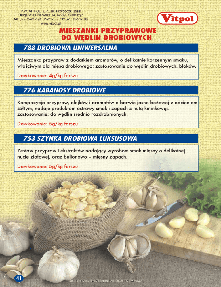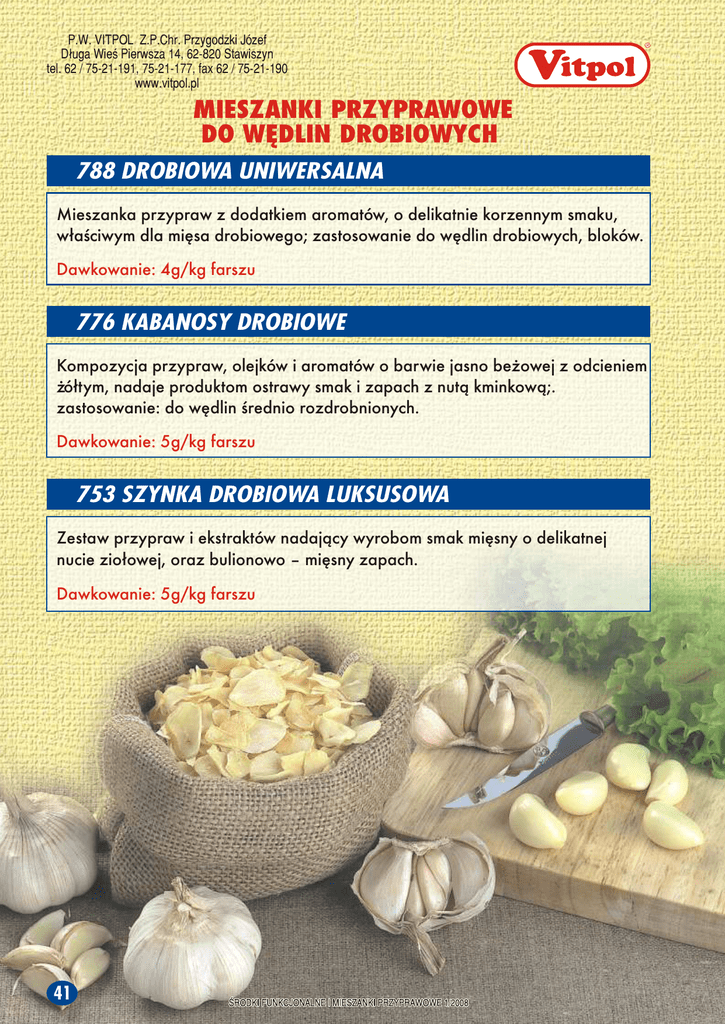P.W. VITPOL Z.P.Chr. Przygodzki Józef D³uga Wieœ Pierwsza 14, 62-820 Stawiszyn tel. 62 / 75-21-191, 75-21-177, fax 62 / 75-21-190 www.vitpol.pl MIESZANKI PRZYPRAWOWE DO WĘDLIN DROBIOWYCH 788 DROBIOWA UNIWERSALNA Mieszanka przypraw z dodatkiem aromatów, o delikatnie korzennym smaku, w³aœciwym dla miêsa drobiowego; zastosowanie do wêdlin drobiowych, bloków. Dawkowanie: 4g/kg farszu 776 KABANOSY DROBIOWE Kompozycja przypraw, olejków i aromatów o barwie jasno be¿owej z odcieniem ¿ó³tym, nadaje produktom ostrawy smak i zapach z nut¹ kminkow¹;. zastosowanie: do wêdlin œrednio rozdrobnionych. Dawkowanie: 5g/kg farszu 753 SZYNKA DROBIOWA LUKSUSOWA Zestaw przypraw i ekstraktów nadaj¹cy wyrobom smak miêsny o delikatnej nucie zio³owej, oraz bulionowo – miêsny zapach. Dawkowanie: 5g/kg farszu 41 P.W. VITPOL Z.P.Chr. Przygodzki Józef D³uga Wieœ Pierwsza 14, 62-820 Stawiszyn tel. 62 / 75-21-191, 75-21-177, fax 62 / 75-21-190 www.vitpol.pl MIESZANKI PRZYPRAWOWE DO WĘDLIN DROBIOWYCH 675 PIECZEŃ DROBIOWA Mieszanka przyprawowa do pieczeni drobiowych; smak i zapach zio³owy z nut¹ cebuli pra¿onej. Dawkowanie: 5g/kg farszu 728 SZYNKA INDYCZA Aromatyczna mieszanka przyprawowa podkreœlaj¹ca smak szynki drobiowej. Dawkowanie: 5g/kg farszu 729 SZYNKOWA Z INDYKA Mieszanka przypraw nadaj¹ca wyrobom drobiowym atrakcyjny smak i aromat; odpowiednia do wêdlin œrednio i grubo - rozdrobnionych. Dawkowanie: 4g/kg farszu 42
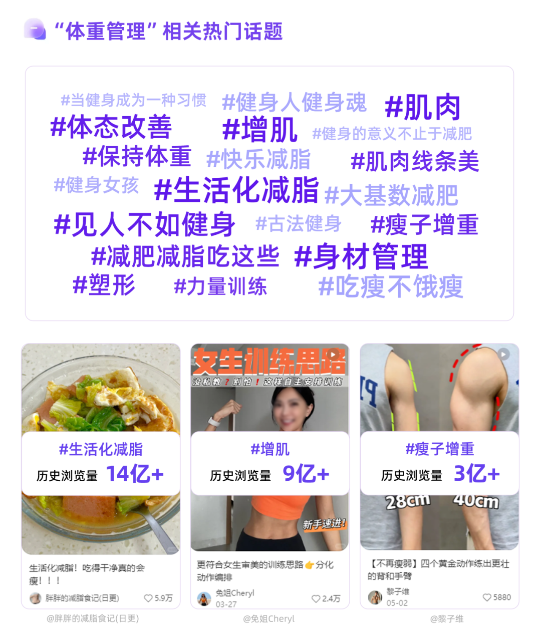 小红书平台潮向也发生变化,涌现#生活化减脂、#增肌、#体态改善、#力量训练、#瘦子增重 等热门话题,体重管理成为日常生活一部分,人们不止要告别肥胖、减肥减脂,也要告别瘦弱、增肌增重,“双向”管理体重,强健体魄。
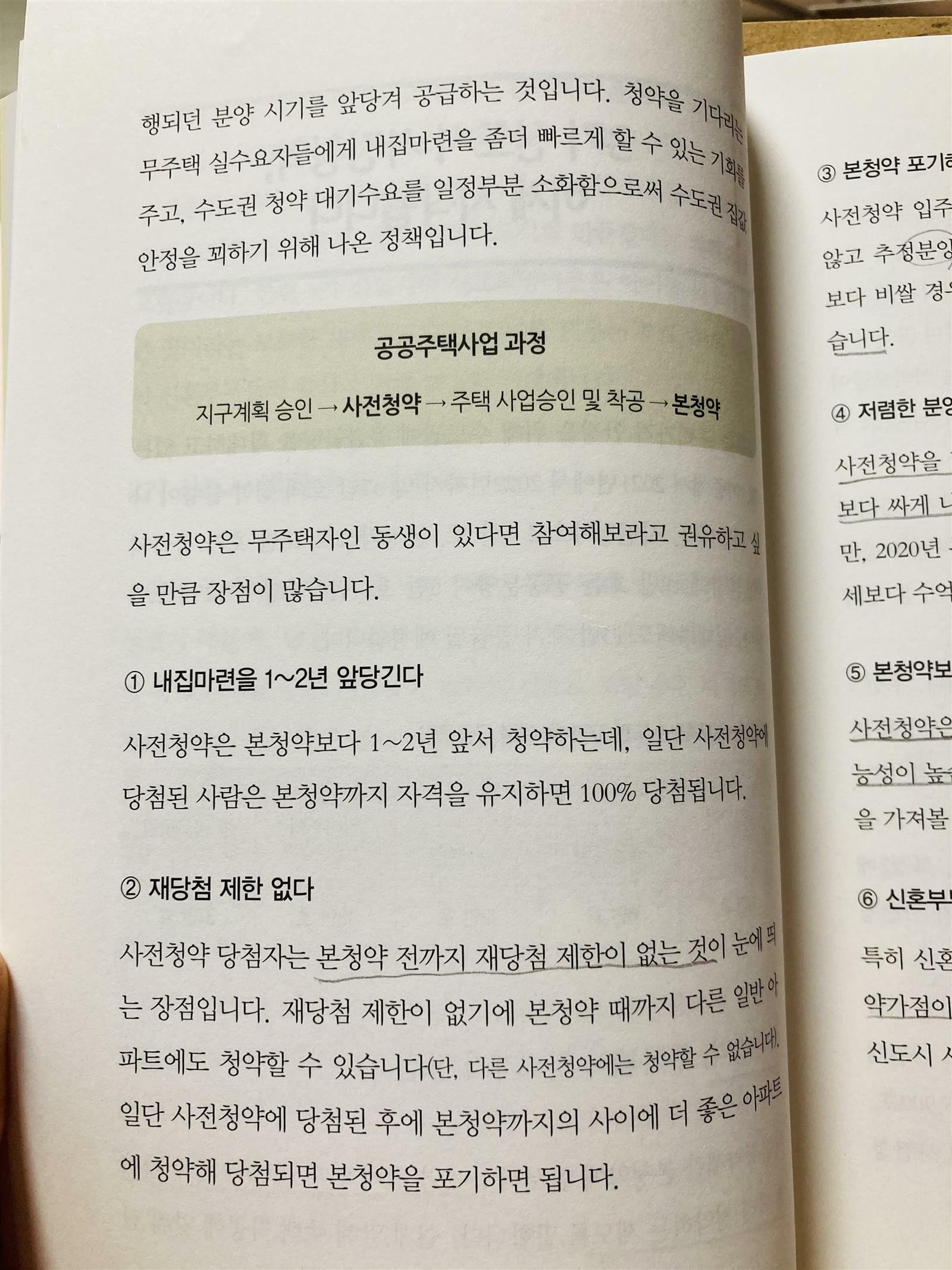 사실 수도권에 거주하지 않는 지방에서는 청약에 대한 관심도 수도권만큼 뜨겁지 않고 경쟁도 그리 치열하지 않다. 하지만 서울에 거주중인 무주택자 동생을 생각하며 열심히 책을 읽었고 결과적으로 이 책을 선물했다. 3기 신도시 청약과 관련해 정보가 일목요연하게 정리되어 있고 책을 읽고 충분히 도움을 받을 수 있는 부분이 있겠다는 생각이 들었다. 3기 신도시와 관련해 7월 1일부터 사전청약이 시작되고 있다. 사전청약은 내집마련을 본청약보다 당겨서 할 수 있다는 점, 본청약 전까지 재당첨 제한이 없다는 점, 본청약을 포기해도 패널티가 없다는 점, 분양가가 주변 시세보다 저렴학 나올 가능성이 크다는 점, 본청보다 경쟁률이 낮을 가능성이 높다는 점, 청약 가점이 낮은 30~40대가 관심을 가지기에 좋다는 점 등의 장점이 있다. 또한 이번에 공공분양의 일반 공급 비중이 확대되고 공공분양에 추첨제가 도입된다는 점에서 주목해 볼만한 가치가 있다. 경쟁률은 더욱 치열하겠지만 준비를 제대로 해서 넣어봄직하다는 생각이 들었다.
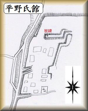 平野氏館は、県道209号線の「北方中央」の交差点から南に坂を上がったところの東側の台地上にある。この道そのものが、空堀の跡でもあろう。すぐ脇に館の土手が聳えている。
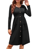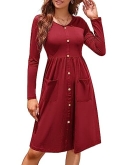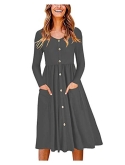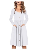 OUGES Women's Long Sleeve V Neck Button Down Skater Dress with Pockets
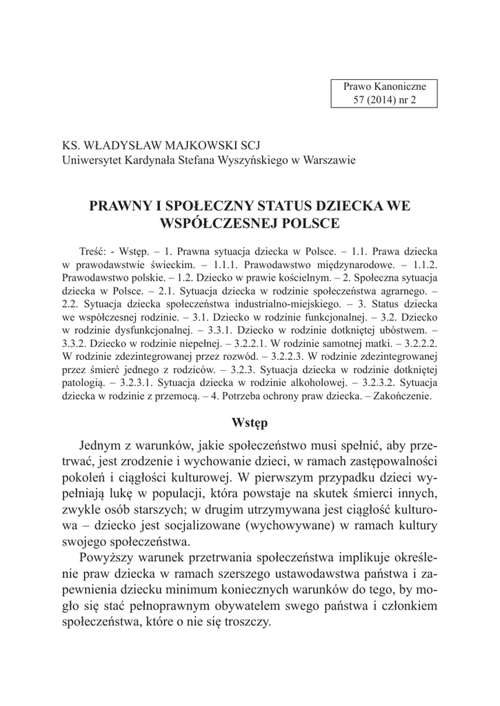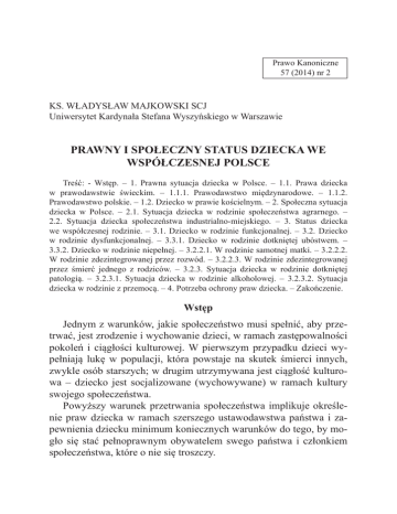 Prawo Kanoniczne 57 (2014) nr 2 KS. WŁADYSŁAW MAJKOWSKI SCJ Uniwersytet Kardynała Stefana Wyszyńskiego w Warszawie PRAWNY I SPOŁECZNY STATUS DZIECKA WE WSPÓŁCZESNEJ POLSCE Treść: - Wstęp. – 1. Prawna sytuacja dziecka w Polsce. – 1.1. Prawa dziecka w prawodawstwie świeckim. – 1.1.1. Prawodawstwo międzynarodowe. – 1.1.2. Prawodawstwo polskie. – 1.2. Dziecko w prawie kościelnym. – 2. Społeczna sytuacja dziecka w Polsce. – 2.1. Sytuacja dziecka w rodzinie społeczeństwa agrarnego. – 2.2. Sytuacja dziecka społeczeństwa industrialno-miejskiego. – 3. Status dziecka we współczesnej rodzinie. – 3.1. Dziecko w rodzinie funkcjonalnej. – 3.2. Dziecko w rodzinie dysfunkcjonalnej. – 3.3.1. Dziecko w rodzinie dotkniętej ubóstwem. – 3.3.2. Dziecko w rodzinie niepełnej. – 3.2.2.1. W rodzinie samotnej matki. – 3.2.2.2. W rodzinie zdezintegrowanej przez rozwód. – 3.2.2.3. W rodzinie zdezintegrowanej przez śmierć jednego z rodziców. – 3.2.3. Sytuacja dziecka w rodzinie dotkniętej patologią. – 3.2.3.1. Sytuacja dziecka w rodzinie alkoholowej. – 3.2.3.2. Sytuacja dziecka w rodzinie z przemocą. – 4. Potrzeba ochrony praw dziecka. – Zakończenie. Wstęp Jednym z warunków, jakie społeczeństwo musi spełnić, aby przetrwać, jest zrodzenie i wychowanie dzieci, w ramach zastępowalności pokoleń i ciągłości kulturowej. W pierwszym przypadku dzieci wypełniają lukę w populacji, która powstaje na skutek śmierci innych, zwykle osób starszych; w drugim utrzymywana jest ciągłość kulturowa – dziecko jest socjalizowane (wychowywane) w ramach kultury swojego społeczeństwa. Powyższy warunek przetrwania społeczeństwa implikuje określenie praw dziecka w ramach szerszego ustawodawstwa państwa i zapewnienia dziecku minimum koniecznych warunków do tego, by mogło się stać pełnoprawnym obywatelem swego państwa i członkiem społeczeństwa, które o nie się troszczy. 130 KS. W. MAJKOWSKI [2] Te dwa postulaty składają się na warunki, które pozwalają dzieciom narodzić się, wzrastać fizycznie i rozwijać się intelektualnie; w ramach tego dzieci są chronione przed niekorzystnymi czynnikami, a w szczególności biedą i chorobami. Nie mniej ważną rzeczą jest wychowanie dziecka, które powinno dokonywać się w rodzinie, ponieważ rodzina stanowi dla dziecka naturalne i najbardziej właściwe środowisko. Z tej racji, pośrednio, różne dokumenty jak na przykład Konwencja Praw Dziecka, przypisuje rodzinie wiodącą rolę w jego wychowaniu. Dokumenty określające prawa dziecka mają dwa poziomy: międzynarodowy i państwowy. Te pierwsze zostały ratyfikowane przez wiele państw i przez to są wiążące na forum tychże państw. Nierzadko są uzupełniane przez prawodawstwo własne. Specyficzną kategorią prawodawstwa jest prawodawstwo kościelne, które chroni dziecko nade wszystko formułując, jak nie wolno postępować wobec dziecka, na przykład dokonywać aborcji. Nadto obowiązki wobec dziecka są artykułowane w ramach analizy moralnych zasad postępowania. Bywa nierzadko, że wyartykułowane w prawodawstwie prawa dziecka nie są albo przynajmniej nie do końca są przestrzegane. Oznacza to, że społeczna, konkretna sytuacja dziecka może znacząco różnić się od określonej prawami. Powody tej różnicy mogą być wielorakie. Zwykle zależą od konkretnych uwarunkowań, takich jak: poziom życia w danym społeczeństwie, antyrodzinnych ideologii czy konkretnej sytuacji danej rodziny. 1. Prawna sytuacja dziecka w Polsce 1.1. Prawa dziecka w prawodawstwie świeckim Prawa dziecka w Polsce, jak to zostało powiedziane we wstępie, określają dwa typy dokumentów świeckich: dokumenty o charakterze międzynarodowym ratyfikowane przez państwo Polskie i dokumenty rdzennie państwowe Rzeczypospolitej Polskiej. Do pierwszej kategorii dokumentów należy Konwencja Praw Dziecka ONZ, Konwencja Haska z 1961 r., Konwencja Luksemburska z 1981 r., Traktat o Unii Europejskiej, Konwencja Rady Europy o Wykonaniu Praw Dziecka, [3] PRAWNY I SPOŁECZNY STATUS DZIECKA 131 Decyzja Ramowa Rady Unii Europejskiej z d. 19 lipca 2002 r. Polskie akty prawne to: Konstytucja RP i Kodeks rodzinny i opiekuńczy oraz ustawy i rozporządzenia w tym zakresie. 1.1.1. Prawodawstwo międzynarodowe Podstawowym aktem prawnym nakreślającym prawa dziecka jest Konwencja o prawach dziecka uchwalona przez Zgromadzenie Ogólne NZ 20 listopada 1989 r.1. Konwencja stwierdza, że w działaniach dotyczących dzieci „podejmowanych przez publiczne lub prywatne instytucje opieki społecznej, sądy, władze administracyjne lub ciała ustawodawcze, sprawą nadrzędną będzie najlepsze zabezpieczenie interesów dziecka” (art. 3, p. 1). W tym celu państwa mają dostosować do norm konwencji własne prawodawstwo, tak by służyły bezpieczeństwu, zdrowiu dziecka i dobru dziecka (art. 3, p. 3). Prawa dziecka gwarantowane przez Konwencję zebrane są w trzech działach: - prawa cywilne: prawo do życia i rozwoju, do tożsamości, wolności i nietykalności osobistej, do swobody myśli i wyznania, prawo do wychowania w rodzinie, do wolności od przemocy; - prawa ekonomiczne; - prawa kulturalne: prawo do nauki, a na poziomie szkoły podstawowej do bezpłatnej nauki, prawo do korzystania z dóbr kultury, dostępu do informacji i znajomości swoich praw. Konwencja Haska określa organy i prawo właściwe w zakresie ochrony małoletnich. Konwencja Luksemburska dotyczy uznawania i wykonywania orzeczeń dotyczących pieczy nad dzieckiem i przywracania pieczy nad dzieckiem. Konwencja została ratyfikowana przez blisko 200 państw. Polska ratyfikowała konwencję 30 kwietnia 1991 r. 1 132 KS. W. MAJKOWSKI [4] 1.1.2. Prawodawstwo polskie Kilka dokumentów w prawie polskim bezpośrednio lub pośrednio odnosi się do sytuacji dziecka. I tak Konstytucja RP stanowi że: - pod szczególną ochroną państwa jest: małżeństwo, rodzina, macierzyństwo i rodzicielstwo (art
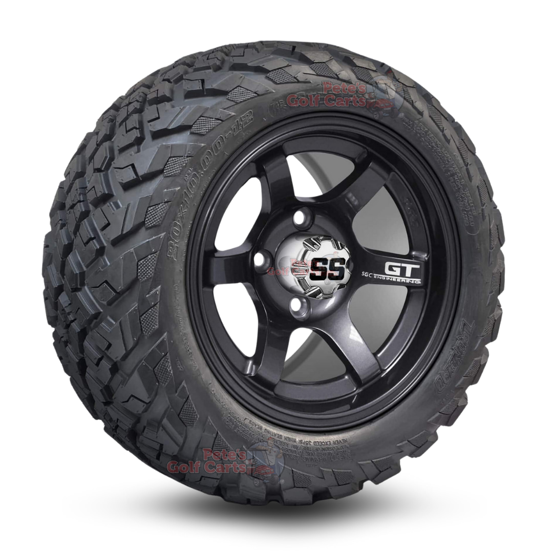 12″ GT Gunmetal Golf Cart Wheels and 20″ย All Terrain Tires Combo – Set of 4 (20″ tall)
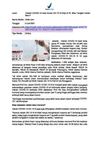 Page 9 - Badan POM Terbitkan PPUK Vaksin COVID-19 GX-19N
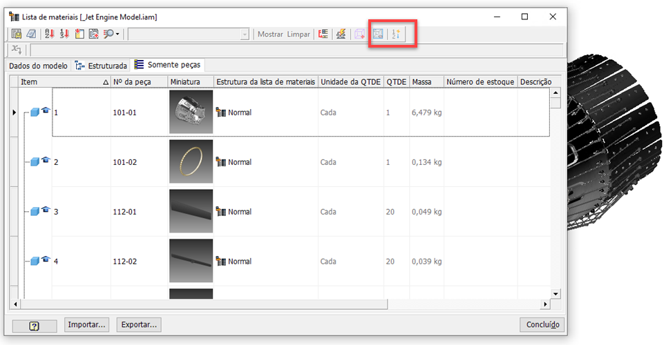 A caixa de diálogo Lista de materiais foi reprojetada. Duas opções para mostrar ou ocultar itens com quantidade zero foram adicionadas diretamente à barra de ferramentas. Use a nova alternância Ocultar/mostrar linhas com quantidade zero na barra de ferramentas. Quando ativo, você também pode renumerar a ordem sequencialmente usando a nova alternância Renumeração automática sequencialmente.
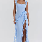 Razigrana i elegantna haljina s finim detaljima koji ističu ženstvenost. Prilagođeni korzet u kombinaciji s volanima i prorezom pruža pokret i jedinstveni karakter. Idealna za večernje izlaze i posebne prigode.
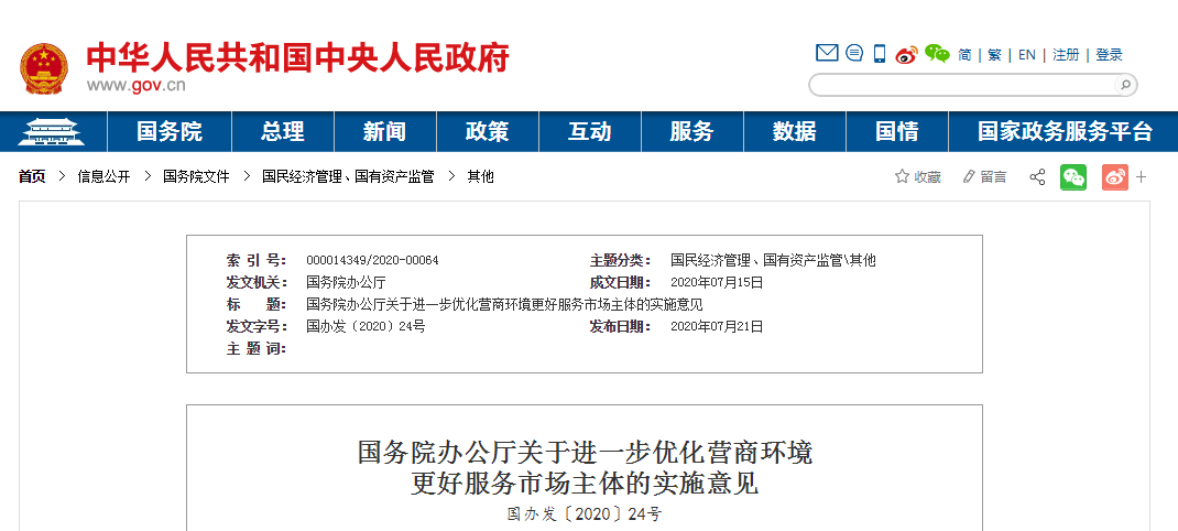 国务院办公厅印发关于进一步优化营商环境更好服务市场主体的实施意见

» Required action:
Quote, word for word and nothing more, every line from the line with "Razigrana i elegantna" to the end of the entries, including both ends; skip any pictures.

» Written response:
 Razigrana i elegantna haljina s finim detaljima koji ističu ženstvenost. Prilagođeni korzet u kombinaciji s volanima i prorezom pruža pokret i jedinstveni karakter. Idealna za večernje izlaze i posebne prigode.
 国务院办公厅印发关于进一步优化营商环境更好服务市场主体的实施意见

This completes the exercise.